What's supposed to happen? The creator process, creates a new shared memory object, "sets" its size, maps it into memory (as shm), uses mprotect to allow only writes to the buffer (shm->buf) and waits for a semaphore to know when the writer (which we will discuss in a moment finishes its thing).

The writer process starts, opens the same shared memory object, writes into it whatever we tell it to and signals the semaphore.

Question is, will the writer be able to write to the shared memory object even though the creator changed the protection to READ-ONLY?

Let's find out. We can run it using:

# ./creator.c /shmulik &
# ./writer.c /shmulik hi!
got: hi!
#
[1]+  Done                    ./creator /shmulik

As you can see, the writer was able to write to the shared memory, even though the creator set it's protection to READ-ONLY.

Maybe the creator does something wrong? Let's try to add the following line to creator.c:

    if (mprotect(&shm->buf, sizeof(shm->buf), PROT_READ) == -1)
        errExit("mprotect");

    memset(&shm->buf, 0, sizeof(shm->buf)); // <-- This is the new line

    if (sem_wait(&shm->sem) == -1)
        errExit("sem_wait");

Let's recompile & run the creator again:

# gcc creator.c -o creator -lrt -lpthread
# ./creator /shmulik
Segmentation fault

As you can see, the mprotect worked as expected.

How about we let the writer map the shared memory, then we change the protection? Well, it ain't going to change anything. mprotect ONLY affects the memory protection of the process calling it (and it's descendants).

Part 2 - Let's understand it

First, you have to understand that shm_open is a glibc method, it's not a systemcall. You can get the glibc source code from their website and just look for shm_open to see that yourself.

The underlying implementation of shm_open is a regular call for open, just like the man page suggests.

As we already saw, most of the magic happens in mmap. When calling mmap, we have to use MAP_SHARED (rather than MAP_PRIVATE), otherwise every process is going to get a private memory segment to begin with, and obviously one ain't gonna affect the other.

When we call mmap, the hops are roughly:

• ksys_mmap_pgoff.
• vm_mmap_pgoff.
• do_mmap
• mmap_region

At that last point, you could see that we take the process' memory management context mm and allocate a new virtual memory area vma:

struct mm_struct *mm = current->mm;
...
vma = vm_area_alloc(mm);
...
vma->vm_page_prot = vm_get_page_prot(vm_flags);

This memory area is not shared with other processes. Since mprotect changes only the vm_page_prot on the per-process vma, it doesn't affect other processes that map the same memory space.

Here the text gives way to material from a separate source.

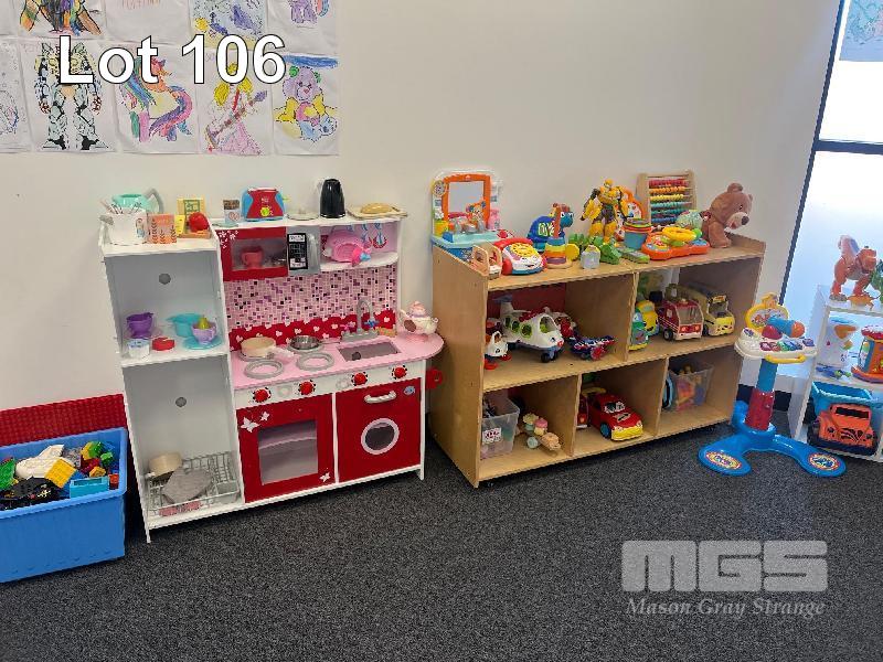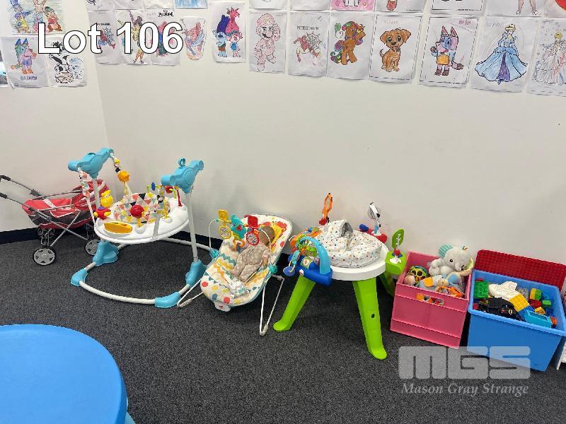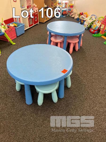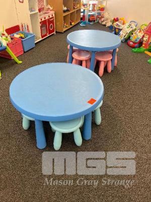 LARGE QUANTITY TODDLERS TOYS, 2 x PLASTIC CHILDREN'S TABLES 850mm WITH 10 x STOOLS

The POSIX specification for mprotect() suggests that changes in the protection of shared memory should affect all processes using that shared memory.

Two of the error conditions detailed are:

• [EAGAIN] The prot argument specifies PROT_WRITE over a MAP_PRIVATE mapping and there are insufficient memory resources to reserve for locking the private page.
• [ENOMEM] The prot argument specifies PROT_WRITE on a MAP_PRIVATE mapping, and it would require more space than the system is able to supply for locking the private pages, if required.

These strongly suggest that memory that is mapped with MAP_SHARED should not fail because of a lack of memory for making copies.

See also the POSIX specification for mmap().